BEGIN Supplied records

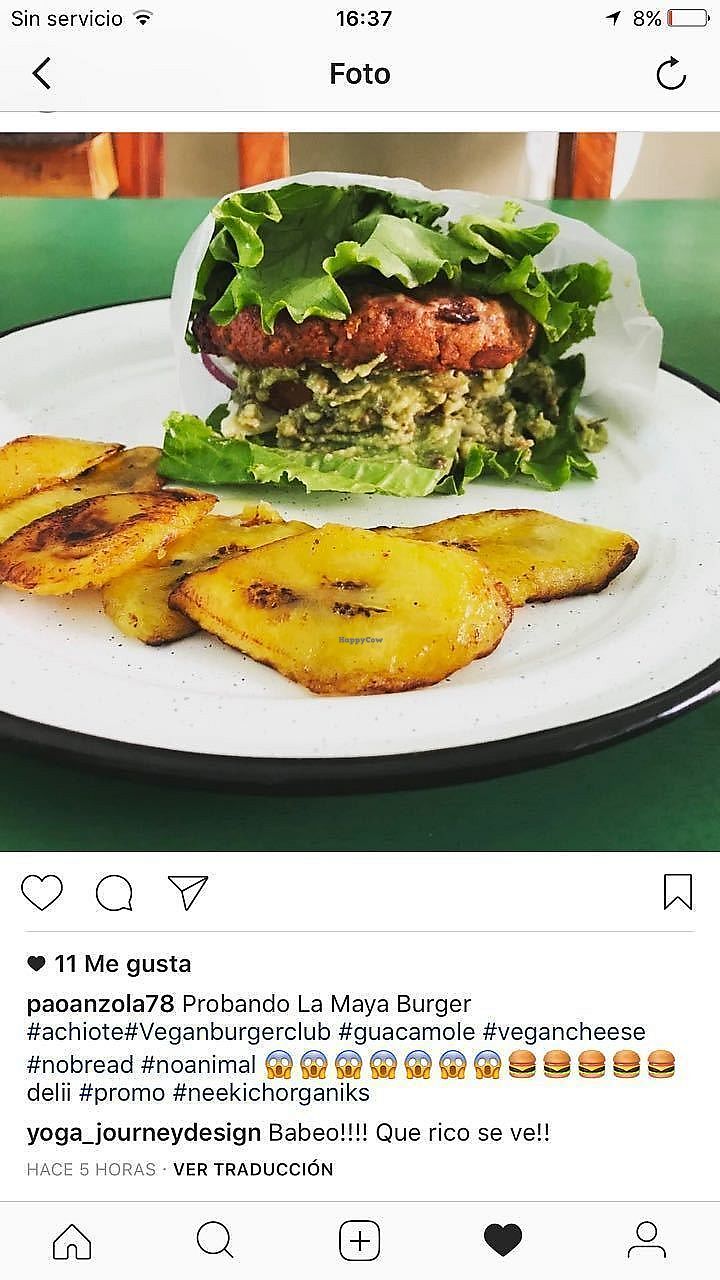 Juice bar and eatery. Serves a variety of foods including breakfast items, burgers, and snack dishes with Mexican elements like mayan corn tostada with pepita and mole. Beverage list includes coffee, infusions, kombucha, wine, juices and smoothies. Among the dessert options are vegan brownie and tropical ice cream. Everything is vegan except for honey in one dessert candy. Est. 2017 previously at Calle 60, no. 480. Reported closed, Nov 2919.
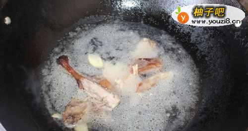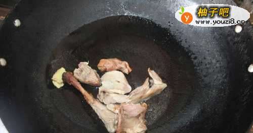 3锅中放油烧热,放入姜和鸭骨炒香。
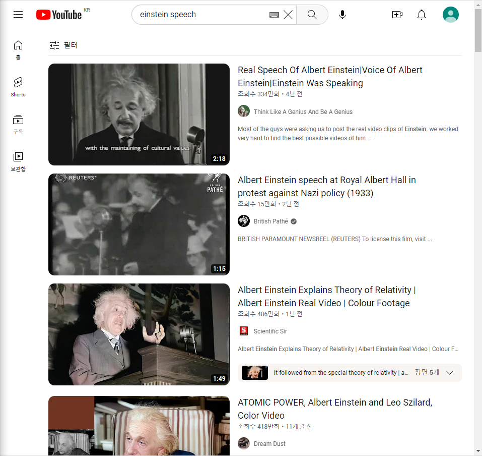 일단 유튜브에서 그 과학자분의 연설을 찾아봅니다. 그러면 자료가 쭈루룩 나올 건데요.
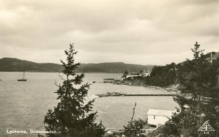 Enligt Bengt Lundins noteringar: "Lyckorna. Strandbaden med bryggor".
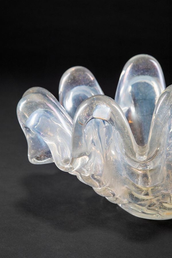 Vetro pesante iridato con corpo sagomato a ventaglio e lobi molto pronunciati.
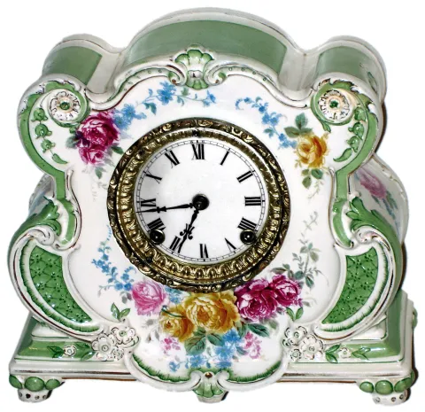 Ansonia Clock Co., New York, Royal Bonn "La Somme" 8 day time and strike porcelain mantel clock, c1900
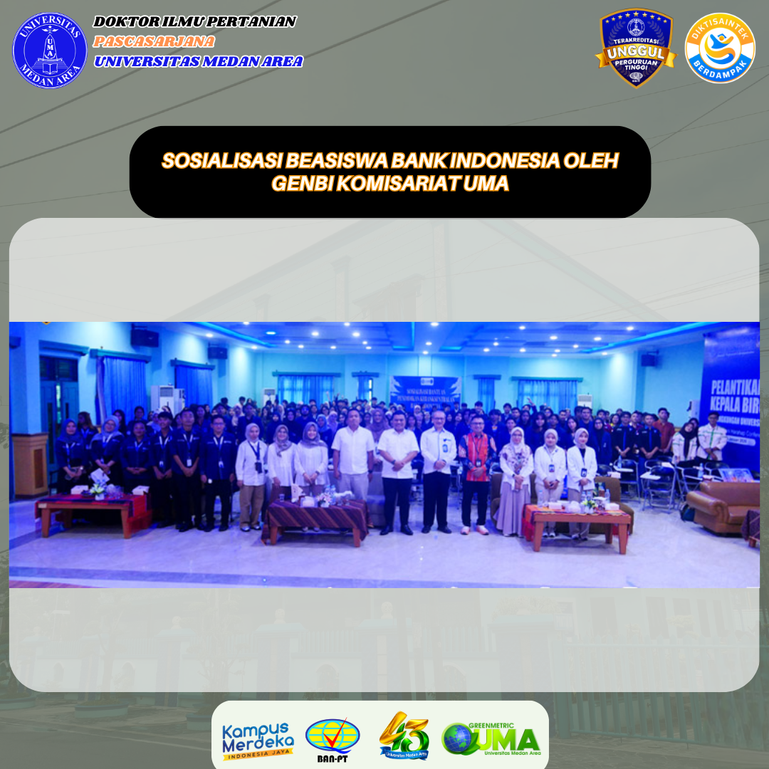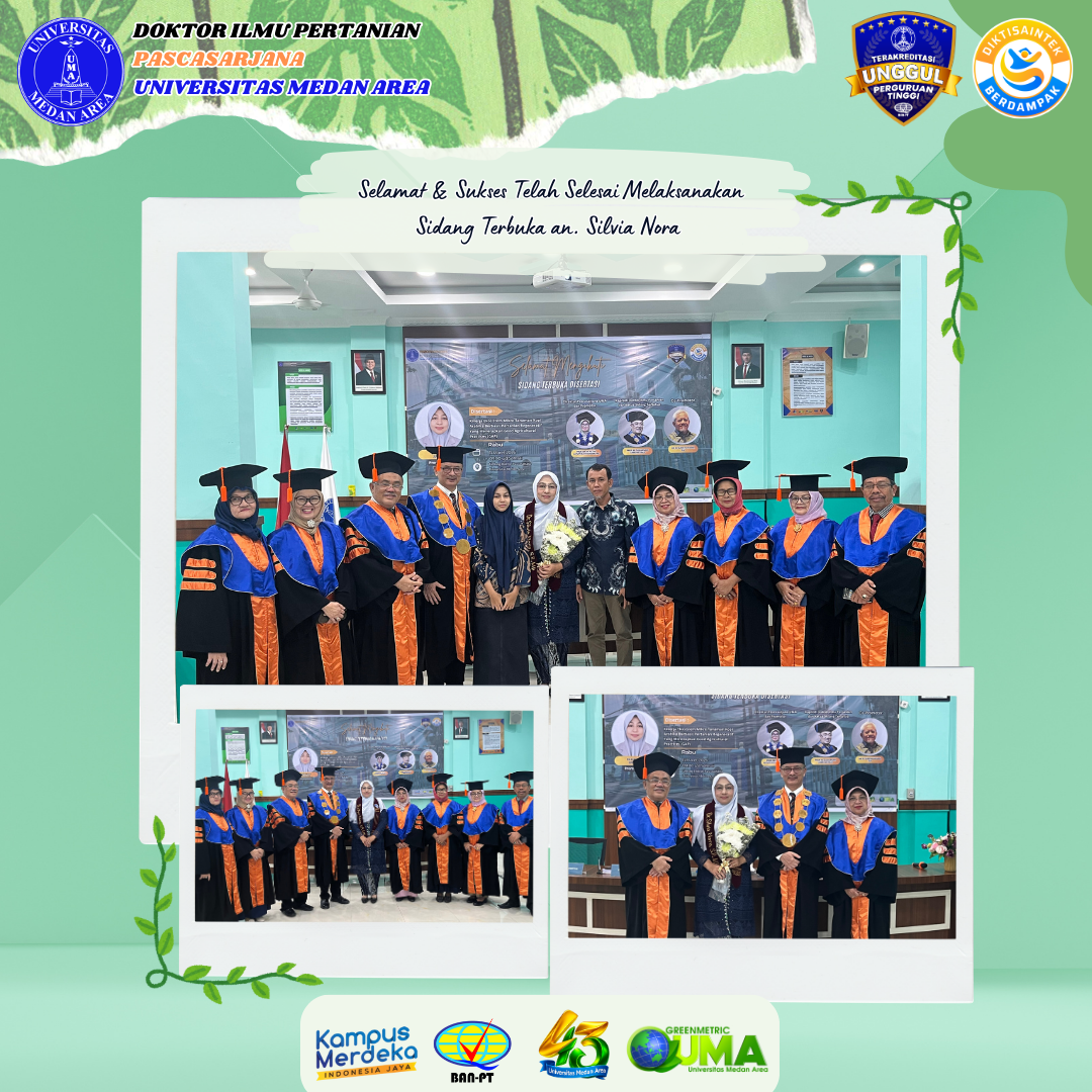 Sidang Terbuka Promosi Doktor Mahasiswa Program Studi Doktor Ilmu Pertanian an. Silvia Nora Posted on March 11, 2026March 16, 2026 by Doktor Ilmu Pertanian 0 Program Studi Doktor Ilmu Pertanian Universitas Medan Area telah melaksanakan Sidang Terbuka PromosiContinue Reading
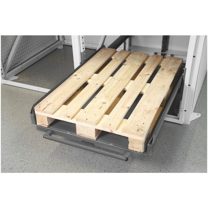 Dessutom sker en låsning på sidorna genom bultar i stativramen. Denna låsning griper in när utdragshyllan är inskjuten. Låsningen lossas genom att ett handtag under skjuthandtaget dras ut (enhandsmanövrering). I helt utkört tillstånd låses utdragshyllan på nytt i löpskenorna (dubbel låsning). Lastning med kran är möjlig tack vare att utdragshyllan är låst.

END Supplied records

■ **Task details**: Write out the entries above word for word. Do not include the pictures.

■ **Answer for this exercise**:
 Juice bar and eatery. Serves a variety of foods including breakfast items, burgers, and snack dishes with Mexican elements like mayan corn tostada with pepita and mole. Beverage list includes coffee, infusions, kombucha, wine, juices and smoothies. Among the dessert options are vegan brownie and tropical ice cream. Everything is vegan except for honey in one dessert candy. Est. 2017 previously at Calle 60, no. 480. Reported closed, Nov 2919.
 3锅中放油烧热,放入姜和鸭骨炒香。
 일단 유튜브에서 그 과학자분의 연설을 찾아봅니다. 그러면 자료가 쭈루룩 나올 건데요.
 Enligt Bengt Lundins noteringar: "Lyckorna. Strandbaden med bryggor".
 Vetro pesante iridato con corpo sagomato a ventaglio e lobi molto pronunciati.
 Ansonia Clock Co., New York, Royal Bonn "La Somme" 8 day time and strike porcelain mantel clock, c1900
 Sidang Terbuka Promosi Doktor Mahasiswa Program Studi Doktor Ilmu Pertanian an. Silvia Nora Posted on March 11, 2026March 16, 2026 by Doktor Ilmu Pertanian 0 Program Studi Doktor Ilmu Pertanian Universitas Medan Area telah melaksanakan Sidang Terbuka PromosiContinue Reading
 Dessutom sker en låsning på sidorna genom bultar i stativramen. Denna låsning griper in när utdragshyllan är inskjuten. Låsningen lossas genom att ett handtag under skjuthandtaget dras ut (enhandsmanövrering). I helt utkört tillstånd låses utdragshyllan på nytt i löpskenorna (dubbel låsning). Lastning med kran är möjlig tack vare att utdragshyllan är låst.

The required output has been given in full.